São Paulo está acorrentada, mas se debatendo. A cidade é viva, e mais do que nunca, graças à nossa última intervenção nela. A decisão dos paulistanos, outra vez, foi a pior possível. Mas quem aqui é ingênuo a ponto de pensar que os paulistanos tomaram essa decisão livremente, e em condições justas de disputa? A importância de São Paulo é enorme, é decisiva para nós como é para eles, e todos nós sabemos disso. É por isso que nós jamais conseguimos transformar a cidade impunemente, mas eles também não conseguem reverter as nossas conquistas com facilidade. É por isso que, em 28 anos, a cidade acorrentada está sempre se debatendo, sem se conformar, sem permitir. É por isso que, nesse poço de contradição, São Paulo é referência nossa sim. É por isso que, nesse tempo todo, eles utilizaram o pior que há em seu arsenal para construir a rejeição de Luiza Erundina, de Marta Suplicy, de Fernando Haddad. Parece que não dá pra acreditar. Mas dá sim.
A cidade que, generosa e imponente, ofereceu palco e cenário para a reconstrução da esquerda nacional, que é sede do PT, da CUT, do MST, do MTST, do PSOL, da Marcha Mundial das Mulheres; também garante terreno para a Fiesp, para a Opus Dei, para o Luciano Huck e os empreendimentos de gente que treina o sorriso no espelho todo dia para disfarçar a podridão de sua trajetória real. Tudo isso convive, e não em paz. A cidade acorrentada se debate sempre. A culpa não é do povo.
O ódio sem noção, sem sentido, sem razão (como todo ódio) do qual Erundina foi vítima, Marta foi vítima, Haddad é vítima e todos nós temos sido vítimas mais do que nunca. Ódio que se apropriou dos nossos erros, mas é motivado pelos nossos acertos. Ódio cuidadosamente elaborado nas salas fechadas nas residências do Poder Judiciário, dos banquetes palacianos, do Parlamento, da mídia, do grande empresariado nacional e internacional. Foram eles que pagaram a campanha do playboy colunista social cafona e hipócrita. Foi deles que veio o discurso. Foram eles que usaram Russomano para isso. São eles que, a partir de agora, se digladiarão internamente em batalhas fatais para escolher qual dos dois será o condutor desse projeto nacional daqui por diante: o pai de Kassab ou o pai de Dória.
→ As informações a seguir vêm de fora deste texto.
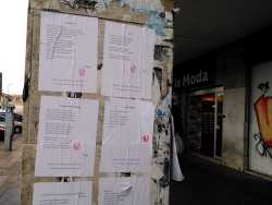 Alcune delle poesie del Movimento per l'Emancipazione della Poesia e delle Brigate Poeti Rivoluzionari attacchinate per la città di Bari
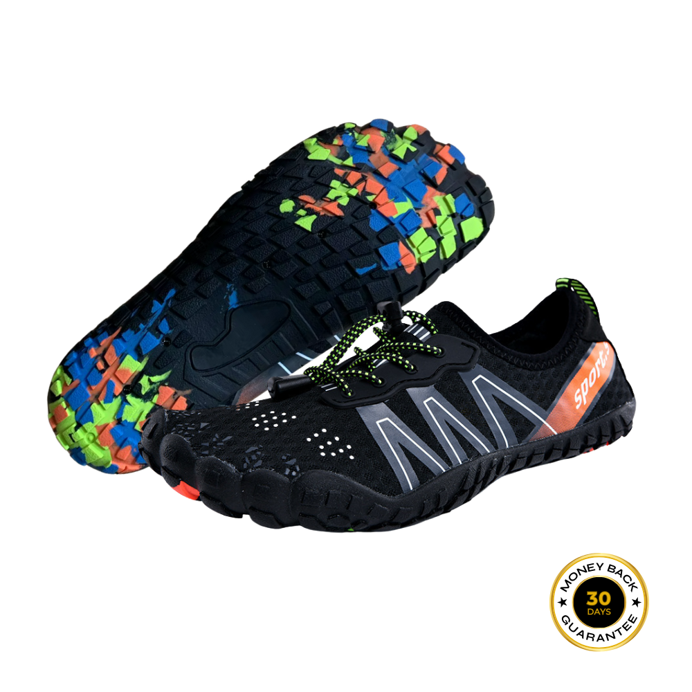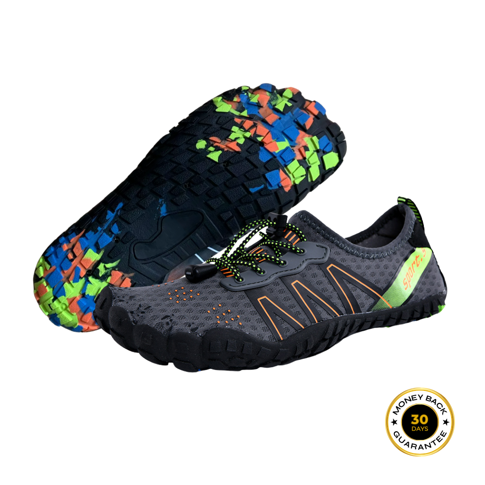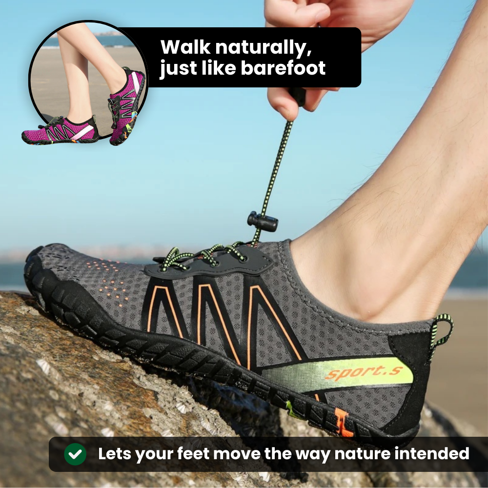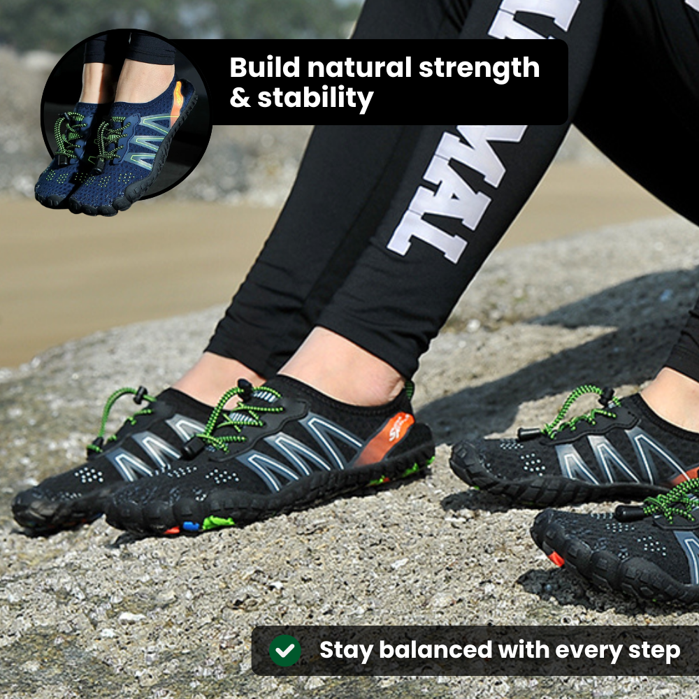 Våra barfotaskor har en bred tåbox som håller tårna i linje och lindrar trycket på lederna, vilket hjälper dina fötter att återgå till sin naturliga position så att gången känns lättare och smärtfri.
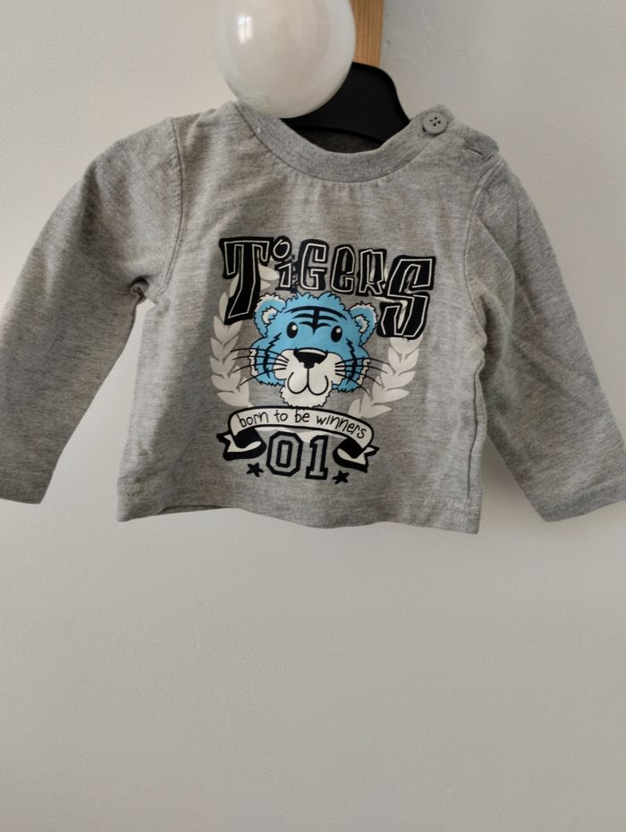 T shirt manches longues, boutons à l'épaule. Taille 0-1 mois. Marque Zeeman. Très bon état.
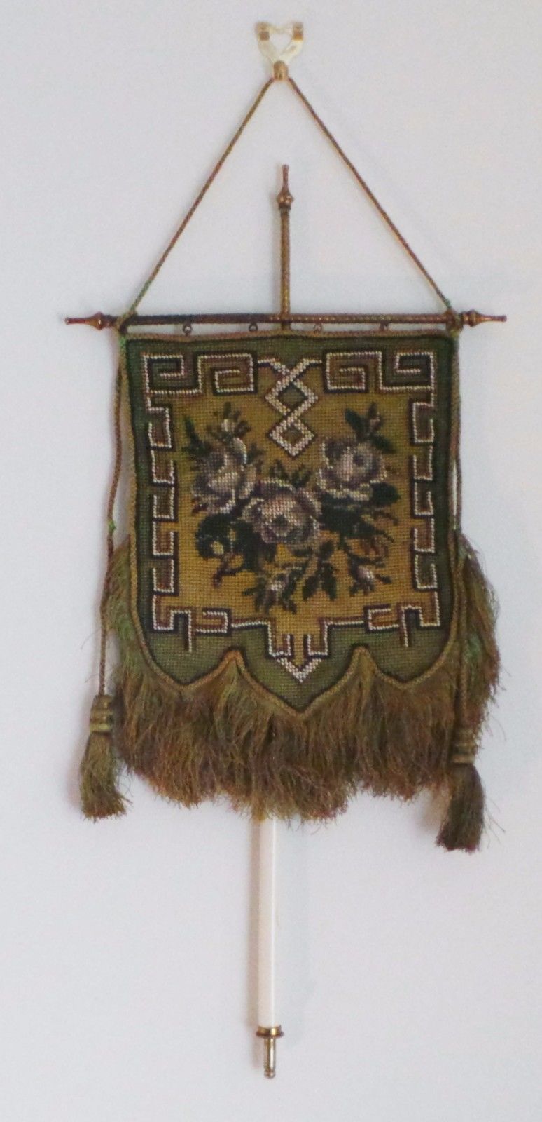 Title (ebay affiliate link): VICTORIAN BEADWORK FACE / POLE FIRE SCREEN - BRASS & CERAMIC HANDLE c1880''s
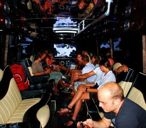 Парти буса е оборудван с вграден бар с чаши и ледарки, аудиосистема, телевизор, DVD, ефектно оптично и LED осветление, кожен салон, преграда между шофьора и пътниците, климатроник и интерком. Към целият този лукс може да добавим декорация с цветя, бонбони и шампанско - така предоставяме на Вас - нашите клиенти, един пълен завършек на приказната Ви разходка!
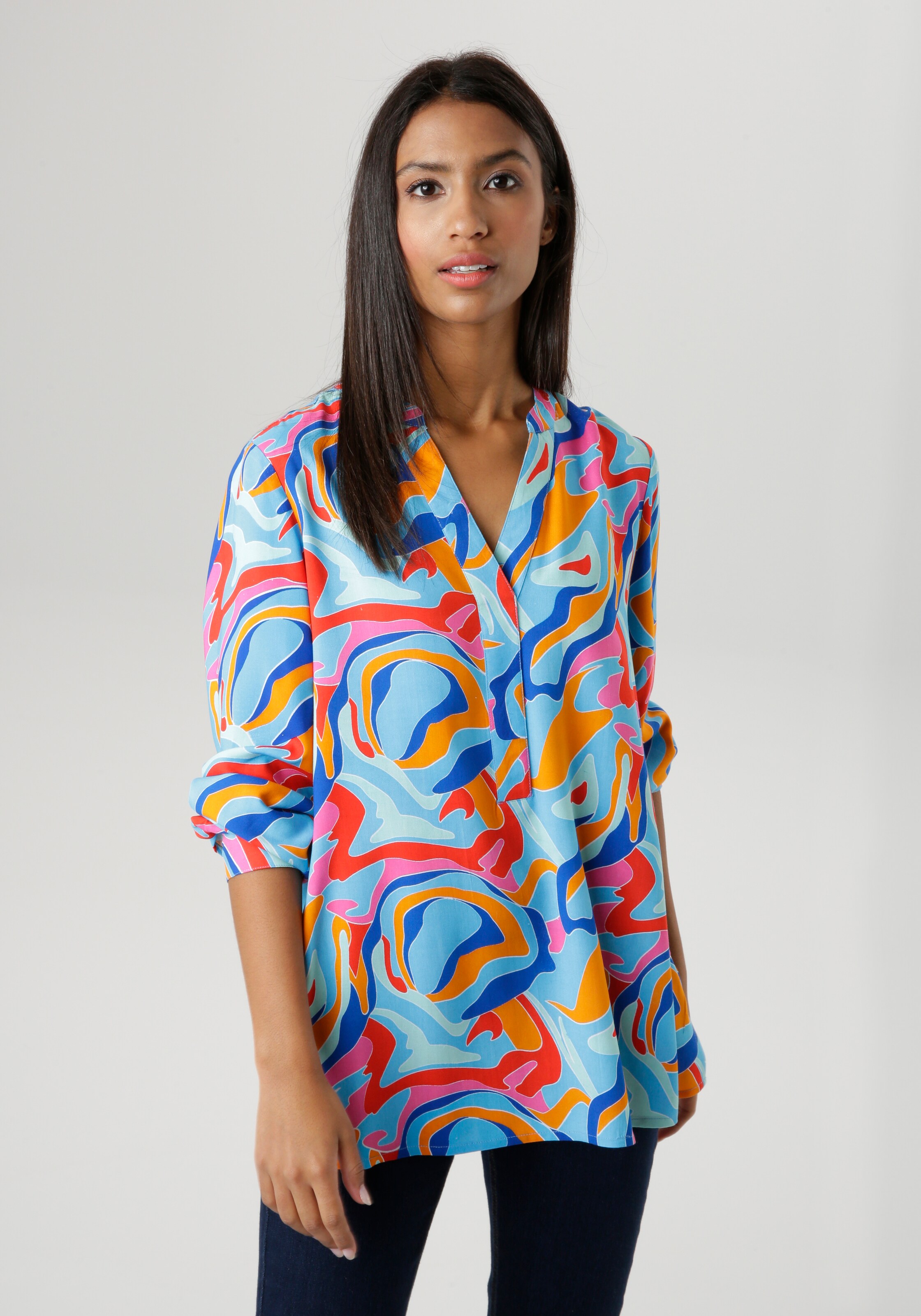 Bluse aniston clearance, Aniston SELECTED Shirtbluse mit sportiven Bündchen, In kaschierender, figurumspielender Form clearance
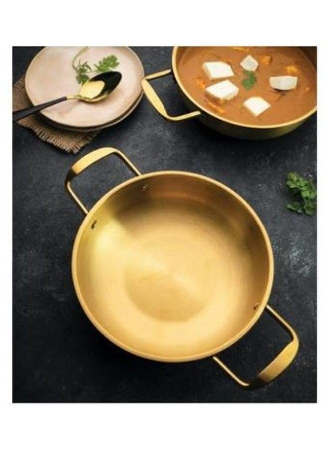 generic - مقلاة ذهبية من الستانلس ستيل، مقلاة عميقة غير لاصقة للقلي والتحميص والتقديم، مقاس S
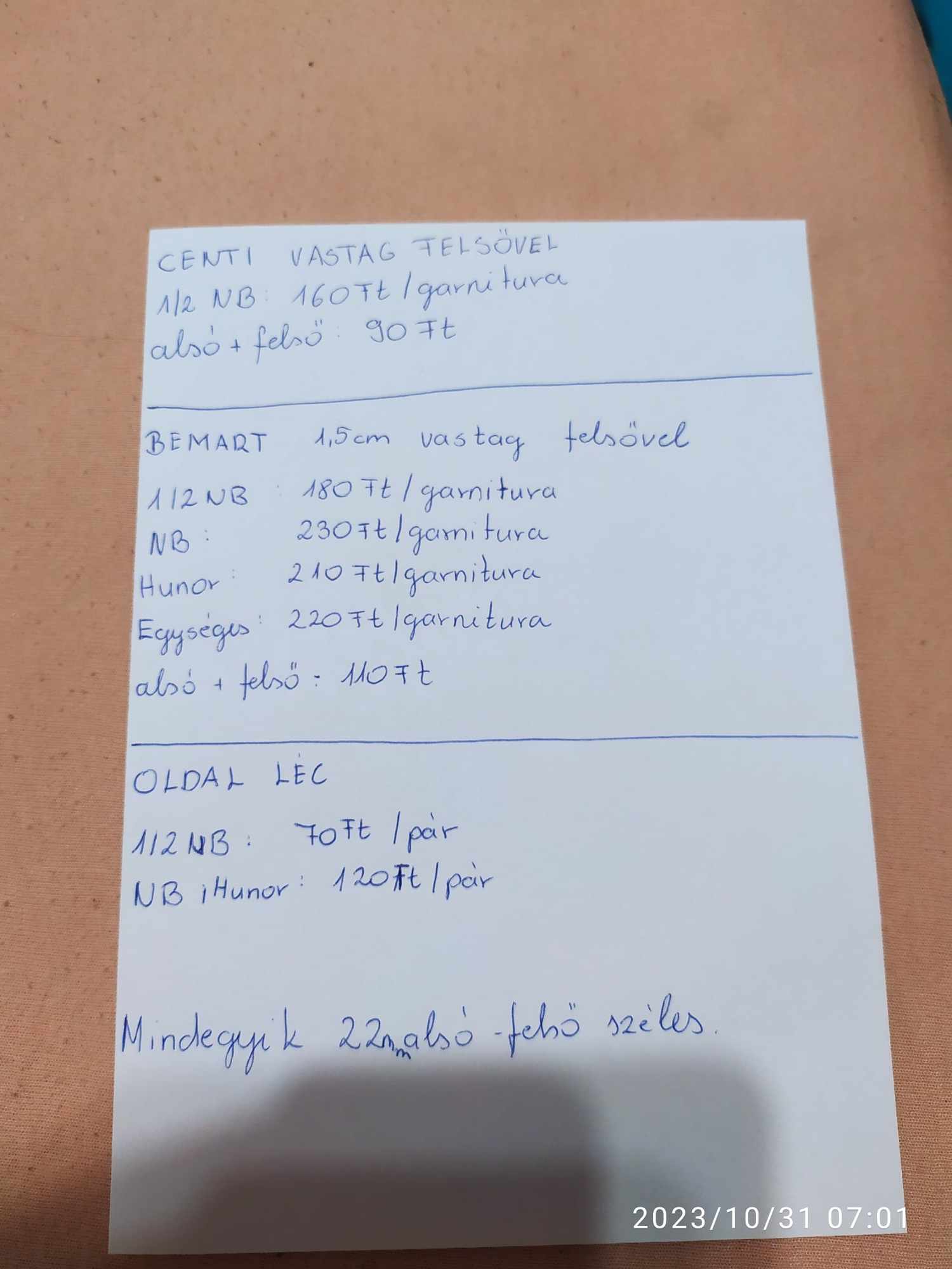 Eladó Lapra szerelt keretléc.Anyaga műszáritott ezüsthárs. Helyileg Somogyzsitfa. Érdeklödni telefonon lehet. 06302715590 Árak 1/2NB centi vastag felsővel 160ft/garn 1.5 cm vastag felsővel 180ft/garn Nb 230 ft/garn Hunor 210ft/garn Oldalléc 1/2nb 70ft/pár NB, hunor 120ft/pár mart felső +alsó 110ft centis felső + alsó 90ft Egyéb méret miatt érdeklődjön 06302715590
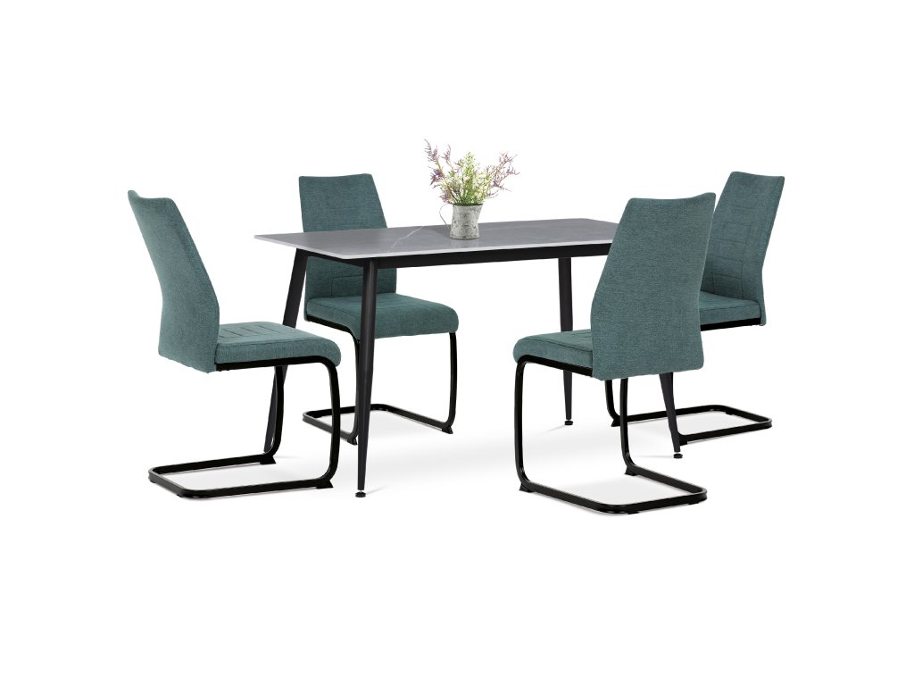 Jídelní stůl s rozkládací se stabilní kovovou podnoží v černé barvě. Odolný a snadno udržovatelný materiál. Stůl je vystaven na prodejně
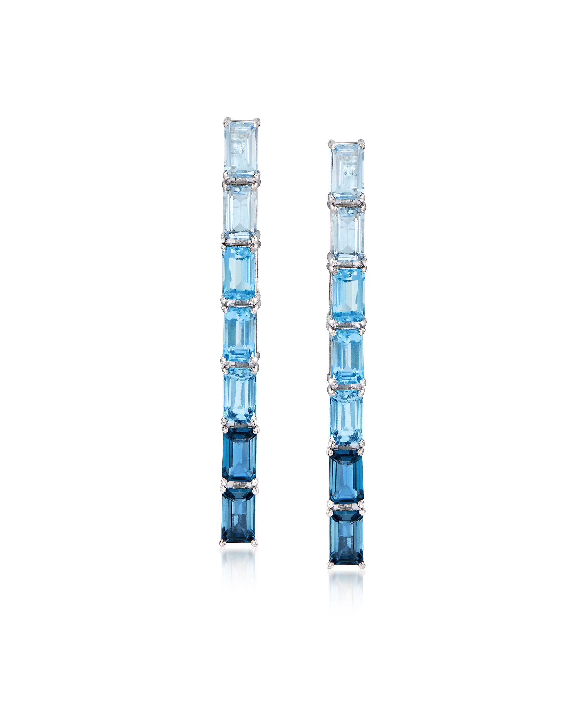 With a commitment to quality and affordability, Ross-Simons presents timeless jewelry for the modern woman. Take a dip into blue hues with these magnificent drop earrings. Fourteen emerald-cut sky, Swiss and London blue topaz gems, 4.00 ct. t.w., trail down in shades of blue from light to dark. Set in polished sterling silver. Hanging length is 1 1/2". Post/clutch, sky, Swiss and London blue topaz drop earrings. Each Ross-Simons item arrives in a fine jewelry presentation box. Shop Ross-Simons jewelry risk-free as all items include a 30-day, 100% money-back guarantee.Stone InformationGem Type 1 - TopazStone Cut 1 - Good-CutStone Color 1 - BlueStone Clarity 1 - BlueStone Shape 1 - Emerald-ShapeStone Creation Method 1 - NaturalStone Treatment Method 1 - Heat-Treated,IrradiatedStone Weight 1 - 1.90 CaratsNumber Of Stones 1 - 6Gem Type 2 - TopazStone Cut 2 - Good-CutStone Color 2 - BlueStone Clarity 2 - BlueStone Shape 2 - Emerald-ShapeStone Creation Method 2 - NaturalStone Treatment Method 2 - Heat-Treated,IrradiatedStone Weight 2 - 1.10 CaratsNumber Of Stones 2 - 4Gem Type 3 - TopazStone Cut 3 - Good-CutStone Color 3 - BlueStone Clarity 3 - BlueStone Shape 3 - Emerald-ShapeStone Creation Method 3 - NaturalStone Treatment Method 3 - Heat-Treated,IrradiatedStone Weight 3 - 1.00 CaratsNumber Of Stones 3 - 4

São Paulo está acorrentada, mas ela não se acorrentou sozinha não. Não odeiem a cidade, seu povo, muito menos aqueles e aquelas que seguem fazendo dela o mais possível quilombo de Zumbi. O que fizemos e fazemos em São Paulo é referência e motivo de orgulho, e é assim que nossa metrópole nos deixa a principal lição que se pode assimilar de mais este processo viciado de eleições: nós, lutadores e lutadoras, jamais executaremos nosso programa impunemente.